Thomas Zumstein, Geschäftsführer der «plan b lounge bar» in Winterthur, war an der Entwicklung der App beteiligt und hat sie in der Praxis auch schon getestet. In seinem Betrieb serviert er mittags 40 Gästen ein Menü, abends bietet die Bar Platz für bis zu 120 Besucherinnen und Besucher. Die App sei in seinem Betrieb auf breite Akzeptanz gestossen, sagt er. Gerade die jüngeren Angestellten fühlten sich durch die digitale Form angesprochen. Mit der App lasse sich die Lebensmittelverschwendung mit Sicherheit reduzieren, Voraussetzung dafür sei allerdings, dass «man es mit dem Thema ernst meint und motiviert ist». Er selber hat in seiner Bar bereits intensive Anstrengungen zum Vermeiden von Food Waste unternommen und konnte so eine Reduktion um rund drei Viertel erzielen. Entscheidend waren dabei vor allem die Weiterverwertung von Brot und das Servieren von kleineren Portionen inklusive Nachschlag-Angebot.

Auch Gion Fetz, Executive Chef und Dozent an der Swiss School of Tourism and Hospitality (SSTH) in Passugg (GR), hat die App mit seinen Studierenden genau geprüft. Sein Fazit fällt positiv aus: Er erachtet das Medium als ideal, weil insbesondere jüngere Generationen damit vertraut sind. Zudem sei das Angebot sehr niederschwellig, da es nichts koste. «Mit der entsprechenden Organisation lassen sich damit Lebensmittelreste in einem Betrieb spürbar reduzieren», so Gion Fetz.

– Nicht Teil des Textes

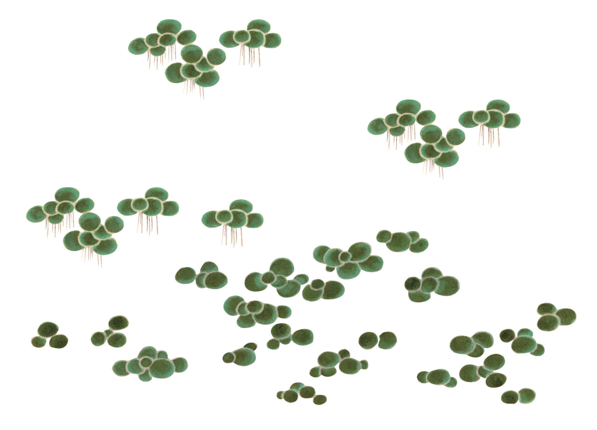 浮萍依靠垂在水中的须根获取养料,不过它们的须根都很短小,没有固着能力,所以浮萍只能在水面浮生,随流漂泊,聚散不定。古人观察到浮萍的漂动,觉得人与人的聚散正如浮萍那般聚散偶然,离合难测,便有了“萍水相逢”的说法。

Er regt an, die App mit einer Wettbewerbs- und Kontrollfunktion zu ergänzen, was die Motivation und Verbindlichkeit und damit auch die Erfolgschancen noch steigern würde.

Erweiterung in Arbeit

Moritz Müllener vom Verein «United Against Waste» nimmt solche Rückmeldungen ernst. Derzeit ist eine Basisversion der App erhältlich, die zudem bald auch in französischer Sprache zur Verfügung stehen sollte. Geprüft wird nun die Erweiterung der App mit einer Kontroll- und Wettbewerbsfunktion, damit sich etwa verschiedene Betriebe miteinander vergleichen und messen können. «Für uns ist die App noch nicht fertig, sondern erst die Grundlage für weitere Entwicklungen und Ideen», hält der Projektleiter fest.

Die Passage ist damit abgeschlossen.